Tuesday, January 15, 2019

AW:M1EX3

Time Travel: List three old enemies of your creative self-worth. Please be as specific as possible in doing this exercise. Your historic monsters are the building blocks of your core negative beliefs. [...] This is your monster hall of fame. More monsters will come to you as you work through your recovery. It is always necessary to acknowledge creative injuries and grieve them. Otherwise, they become creative scar tissue and block your growth. (The Artist's Way, p. 38)

Enemy number one: [redacted]

They were a harmful and controlling influence over me when I was young. I think my creativity was viewed as a threat of some kind by [redacted]. They would always tell me what I was doing wrong in my writing, art, or performance of any kind. It was only when I got involved with color guard in high school that [redacted] got off my back to some extent because I drilled mercilessly in the routines which [redacted] didn't know enough about to criticize me on. There were backhanded comments about my writing on a fairly regular basis. [Redacted] was creative in their own fashion, aside from heaping pressure and verbal castigation in new ways. I think [redacted] just wanted to live through me and assume control over my creative life instead of living their own.

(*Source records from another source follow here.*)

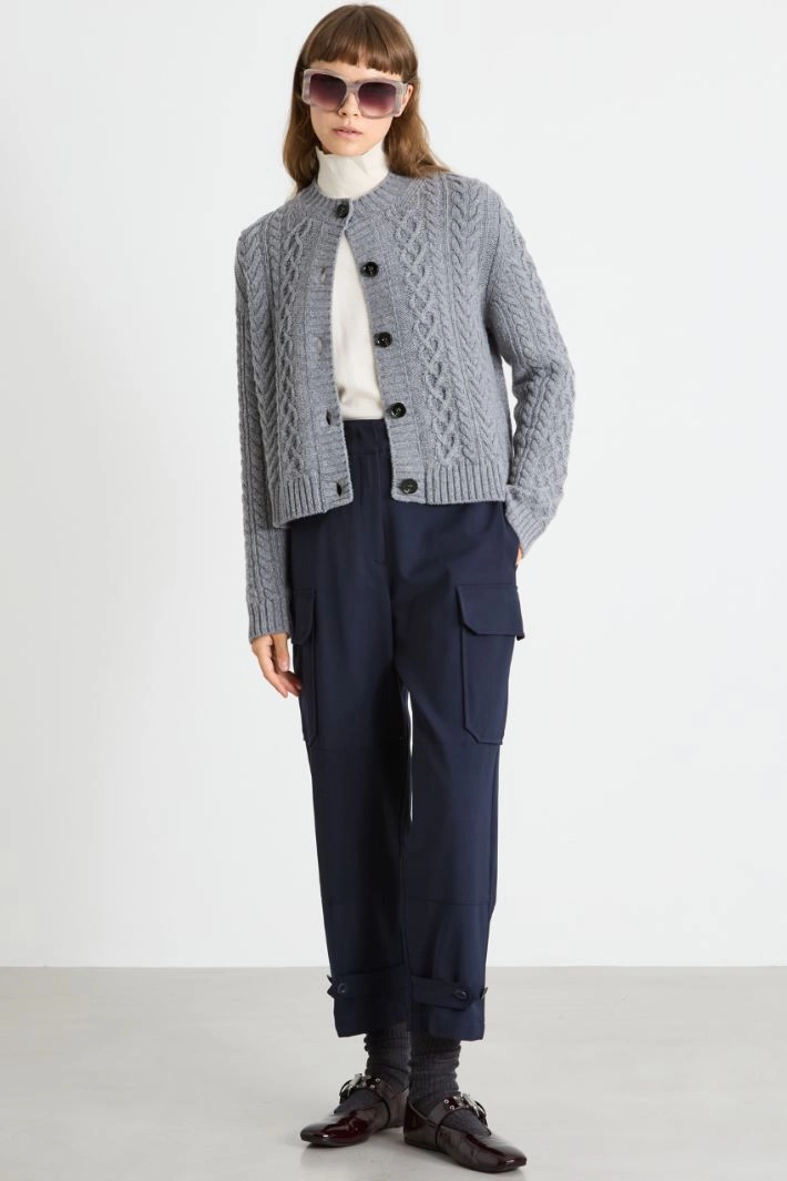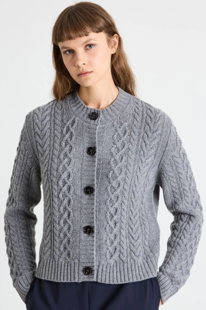 Straight-fit cardigan in pure wool with a cable knit, crew neck, long sleeves, and ribbed trim. Visible button fastening.
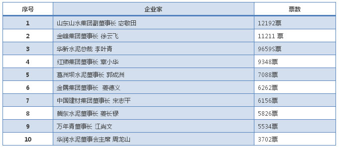 借此時機,水泥行業知名媒體水泥內參積極響應國家號召,發起“誰是水泥行業最具影響力的企業家”投票,得票前十名企業家如下:
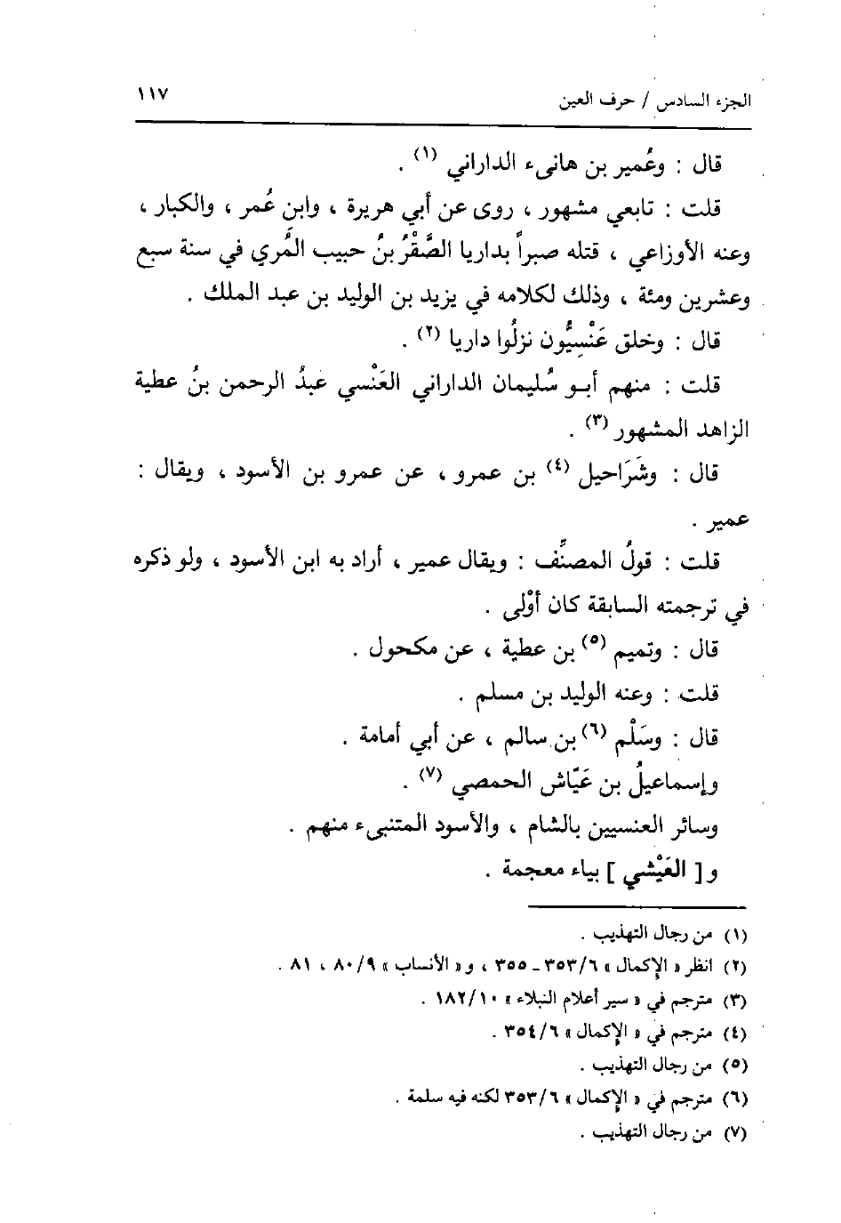 قلت: مِنْهُم أَبُو سُلَيْمَان الدَّارَانِي الْعَنسِي عبد الرَّحْمَن بن عَطِيَّة الزَّاهِد الْمَشْهُور.
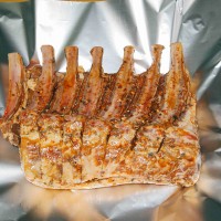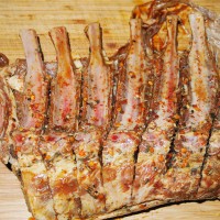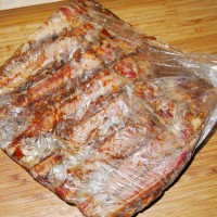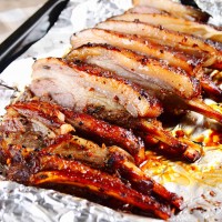 法式切割的内蒙古羊排,没有大骨头,只有一根根的长骨头。洗净后用刀在内侧沿每根骨头划开,不要切断,外侧看仍是一个整块,就酱。先用少量白酒均匀地抹一遍,再用少量盐码一遍,这样做是为了加速羊排入味,减少腌制时间,盐一点点就够了,不要多!
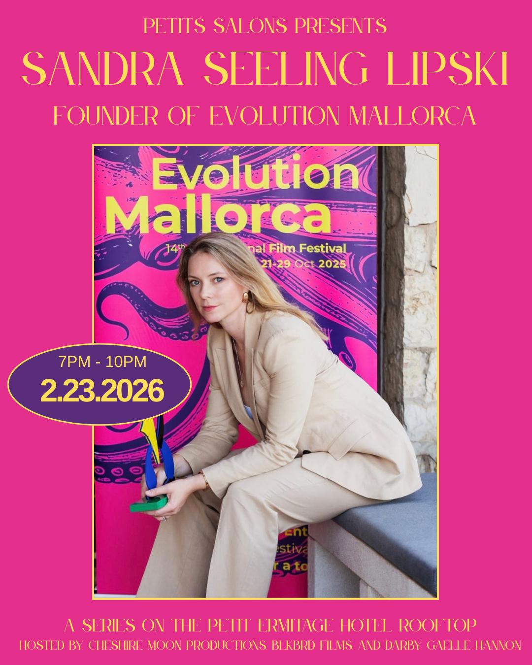 On Monday, February 23rd at Petits Salons, we celebrated a night of short films from Evolution Mallorca Film Festival, as well as the festival’s incredible founder Sandra Seeling Lipski.

Enemy number two: [redacted]

[Redacted] and I were close friends in middle school. [Redacted] always laughed at my dreams of being an author. They treated it all like it was one gigantic joke. They would at times steal my notebook and read what ever I was working on aloud to the study hall. This never ended well because I was one of the most bullied kids in our grade. [Redacted] was just tone deaf or perhaps covertly malicious at that time. I don't know anymore. But, the way they made me feel when they read my poetry at full volume in the most dramatic style they could manage was humiliated. [Redacted] and I haven't seen each other in close to fifteen years. I don't think they even remember the goals I had to be an author and would justify their humiliation of me as 'all in good fun.' I stopped dealing with [redacted] after I came back from college and realized just how toxic that 'friendship' was. It broke my heart but I still think I made the right decision. I can't seem to write poetry with out feeling like it's all just something someone's going to laugh at.

Enemy number three: [redacted]

I confess, I admired [redacted]. I suppose you could say that I idolized them to some extent. They were brilliant. They were well studied in literature and poetry. They taught at a prestigious college. In many ways, [redacted] was who I wanted to be when I finished college. With a few books to their name, a rock solid career in their chosen field, and a genial demeanor, [redacted] was someone I respected highly. It made the shock of their literal crushing of a poem I wrote gut wrenching. They took it in hand, read it, and instead of handing it back to me, they crushed the piece of paper it was printed on (thank goodness I had enough sense not to give them the original), and told me that I was a hack who was aping the work of Edgar Allen Poe. It felt like I had been slapped in the face, twice when they threw the page away. I was half tempted to get it out of the waste bin. I didn't. I just mumbled an apology. As I was walking away, [redacted] called after me to comeback when I had some original work. After that, they graded my papers savagely. I wound up going to the head of the department after a particular paper got a grade that I knew wasn't fair. The department chair looked the paper over and adjusted the grade higher. [Redacted] and I never spoke again. I made a point of being silent in lecture where I had been an enthusiastic participant in discussions. I avoided them on campus and pretty much did my best to be the last one in the classroom when it was time for lecture and the first one out (making a point of having my work schedule changed so that I had to be at work immediately after class). After the experience I had with [redacted], I doubt pretty much everything I write. My writing poetry dwindled from four or five a day to one or two. After the trauma of 2003, I wrote maybe one poem a month. Then I just stopped.